Emily Franco
Emily Franco is a Resident Forum Blogger bringing insight to class action law and policy regarding consumer, product, and commercial fraud litigation.
2014 has certainly earned its mark as the year for employer and manufacturer defendants in class action matters. The frontrunner in this defense-favoring movement is the United States Court of Appeals for the Ninth Circuit, leading the circuit court split over the latest approach to the interpretation and application of California Code of Civil Procedure Section 404 and of Class Action Fairness Act of 2005 (“CAFA”). CAFA extends federal jurisdiction to class actions and mass actions that fall within its scope, the spirit of which prevents potential class-action abuse. Furthermore, CAFA, in conjunction with Section 404, defines a mass action as civil suits involving 100 or more individuals that should be tried jointly should the plaintiff’s claim pertain to a common question of law or fact.
On November 18, 2014, the Ninth Circuit through Corber v. Xanodyne Pharmaceuticals (“Corber”) solidified potential defense strategies to secure removal of class actions to federal courts, a notoriously more favorable turf for employer and manufacturer defendants. Corber is one case in a slew of recent federal judgments partially restraining plaintiffs’ ability to avoid federal class or mass action jurisdiction.
Corber involved two of twenty-six cases before the district court against Xanodyne Pharmaceuticals, Inc. and Teva Pharmaceuticals USA, Inc. alleging injuries based on the ingestion of the controversial pain reliever ingredient propoxyphene, used in the U.S. to treat moderate pain since 1957, and later taken off of the market in 2010 due to safety concerns.
In line with Section 404, a number of these propoxyphene actions were filed by plaintiffs who sought merely a coordination of civil actions containing a common question of fact or law to be heard before the same panel. The aim was to produce corresponding, yet separate, decisions in cases that covered related, but not identical, matters. In the attempt to achieve coordination, plaintiffs ostensibly assembled small groups of less than 100 and drafted the Section 404 motions to obtain coordination in state court, avoiding federal jurisdiction all together. Unfortunately, plaintiffs’ efforts instead prompted the consolidation of all actions to be heard jointly by one judge, where all petitions are conjoined for a single order entered in the same administrative proceeding.
Seeking to invoke federal jurisdiction under CAFA’s class action provision, the Ninth Circuit initially affirmed the remand orders as the petitions did not expressly propose the cases be tried jointly. Tides changed on rehearing, however, when plaintiffs’ attempt to circumvent CAFA’s 100-person requirement was rebuked by the circuit court en banc, reclassifying these matters as a “mass action” subject to removal to federal jurisdiction. The primary focus of the Ninth Circuit’s decision was the language in Section 404 and CAFA allowing plaintiffs to seek one judge for all purposes, as well as the absence of any limiting language in the propoxyphene case petitions. Ultimately, the court rejected the rule requiring a class to expressly request a joint trial or joint pretrial matters, and instead looked to the general language of the aggregate petitions. Specifically, the support plaintiffs listed in their coordination motions pertaining to concerns of conflicting liability and inconsistent judgment could be better addressed by issuing a joint, consolidated trial over a coordinating one. In totality, the Court reasoned that the plaintiff’s petition for coordination collectively listed an indication that the plaintiffs evidently sought consolidation for purposes of the full trial, and not merely for selective purposes and aspects of the action.

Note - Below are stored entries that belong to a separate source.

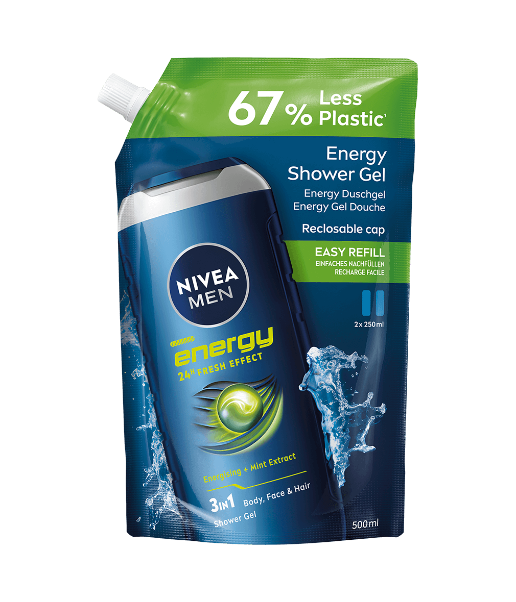 NIVEA MEN Energy Shower Gel Refill är perfekt för att kickstarta din dag med energi. Med en uppfriskande doft av naturlig mynta ger den en fräsch känsla som varar hela dagen. Ge dig själv en energifylld duschupplevelse!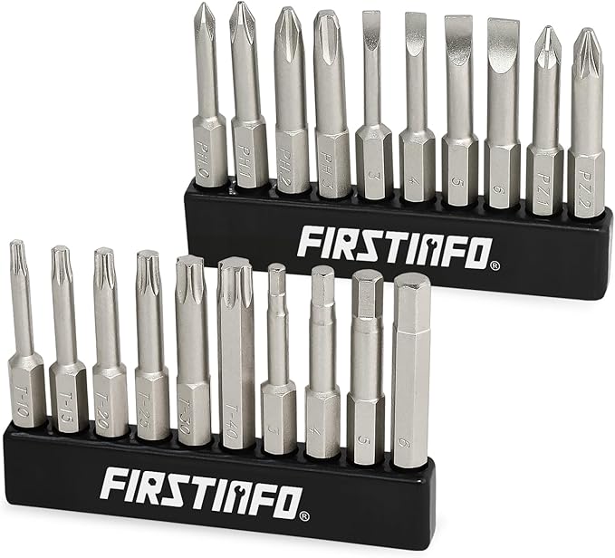- 【Various Specification and Sizes 】Includes 6 pcs Star of T10, T15, T20, T25, T30, T40; 4 pcs Hex of 3mm, 4mm, 5mm, 6mm, 4 pcs Flat of 3mm, 4mm, 5mm, 6mm; 4 pcs Phillips of PH0, PH1, PH2, PH3; 2 pcs Pozi of PZ1, PZ2.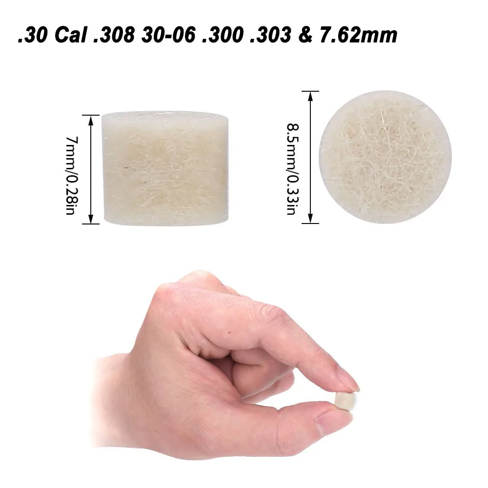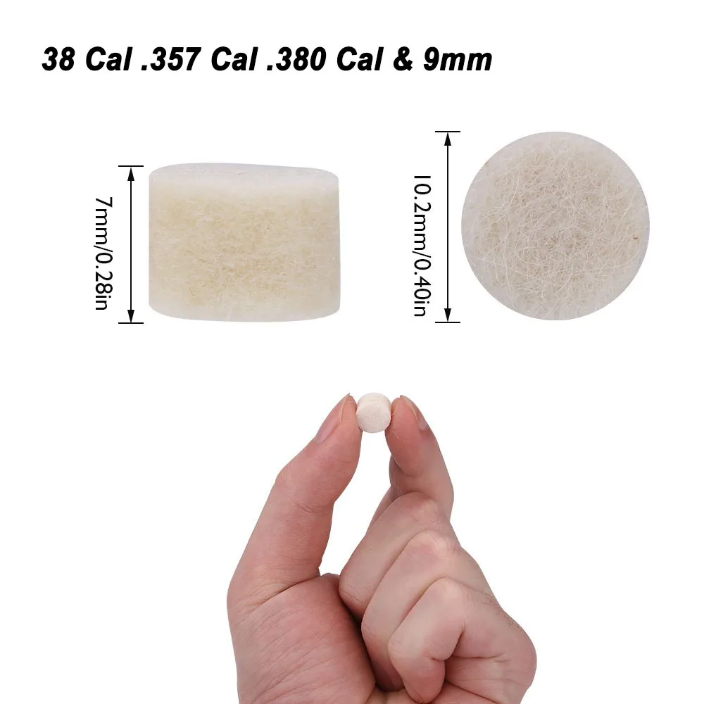 - High-quality compressed wool fibers provide excellent dirt and solvent absorption, efficiently removing carbon buildup in chambers of various calibers like .22, .223, and .45.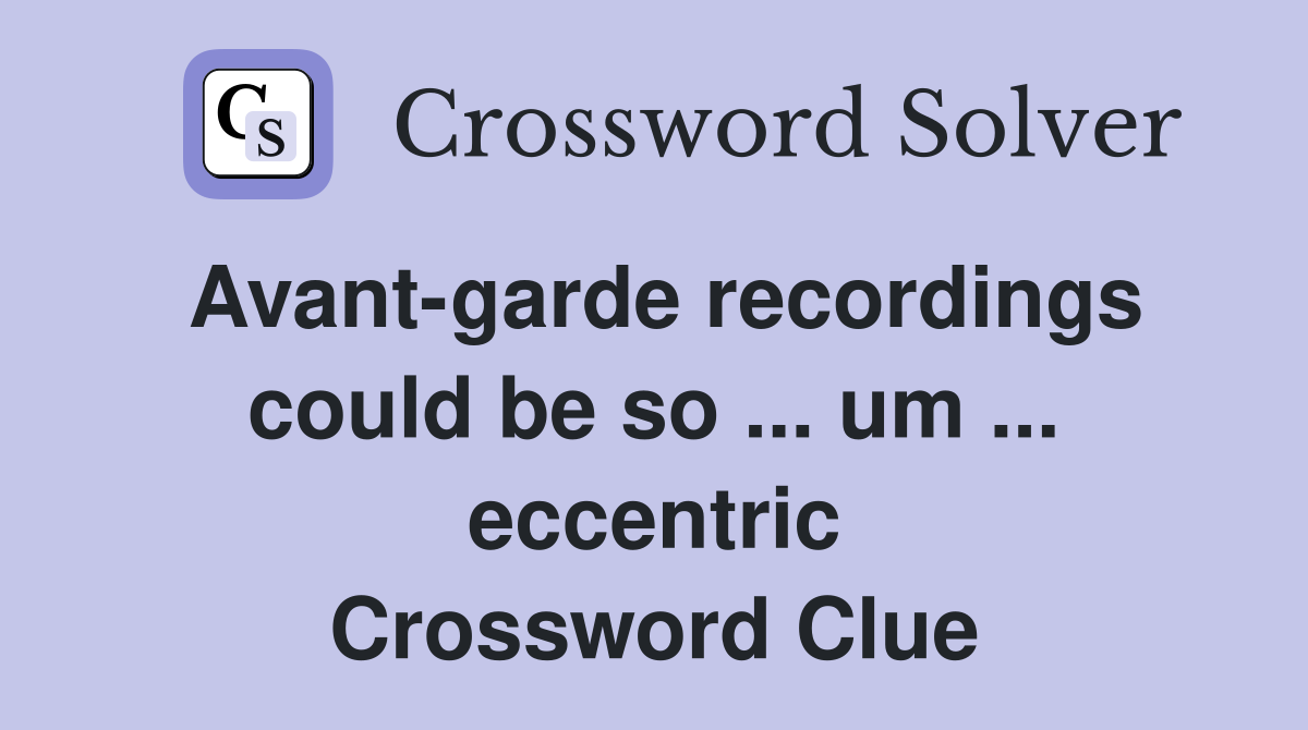 Today's crossword puzzle clue is a quick one: The crossword solver finds answers to classic crosswords and. We have found 40 possible answers for this clue in our. There are related clues (shown below). The crossword solver found 30 answers to avant garde, 3 letters crossword clue.

The Ninth Circuit also considered the Seventh Circuit’s In re Abbott Laboratories decision and the Eighth Circuit’s Atwell v. Boston Scientific decision, which had both held that despite the lack of an explicit request for consolidated trial, the plaintiffs’ petitions for coordination equated to inherent proposals for a joint trial. Borrowing that rationale, the Ninth Circuit assembled a balancing test, weighing plaintiffs’ Section 404 petitions to coordinate the propoxyphene actions of common law or fact “for all purposes,” and whether these actions would be better served jointly tried in a consolidated matter for purposes of federal mass action jurisdiction. By ending the plaintiff’s CAFA circumventing tactics, the Ninth Circuit has inevitably opened the door for employer and manufacturer defendants to remove to more favorable federal courts based on the class member quantity as well as class action volume.

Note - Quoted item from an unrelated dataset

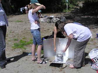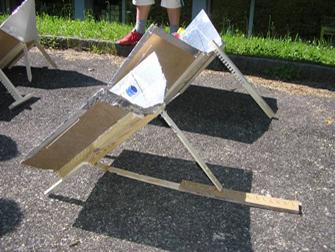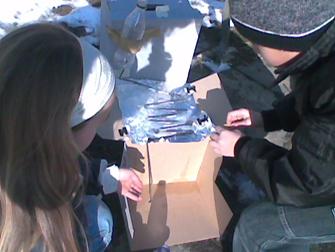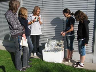 Mädchen aus der Klasse von Paul Rohner haben ihren Solarofen in Position gebracht. In der Styroporkiste, welche mit Spiegelfolie ausgekleidet ist und durch ein Glas oben isoliert wird, befindet sich ein schwarzes Metallgefäss. Was da wohl feines drin ist- die Entwicklerinnen scheints zu interessieren.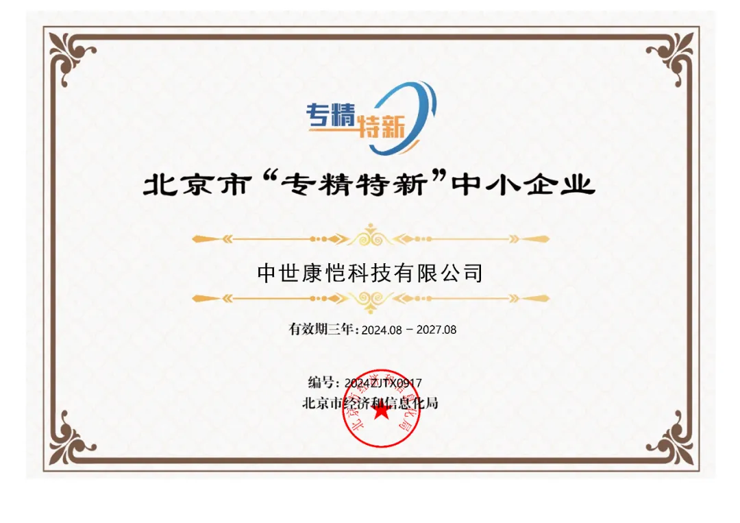 中世康愷榮獲北京市“專精特新”中小企業稱號,開啟發展新篇章!

Despite this favorable defense passage, the court was still unwilling to condemn prosecutorial tactics that circumvent CAFA authority in totality. The court offhandedly noted the holding may have differed should the plaintiffs had explicitly included procedural limiting language to “pretrial” proceedings, or other trial phase levels. But overall, as a pertinent trend to watch for in 2015, any application of the Ninth Circuit expansion of CAFA language should be closely monitored by employer and manufacturer class action defense counsel, for it could mark the beginning of an encouraging Circuit tendency toward federal jurisdiction removal.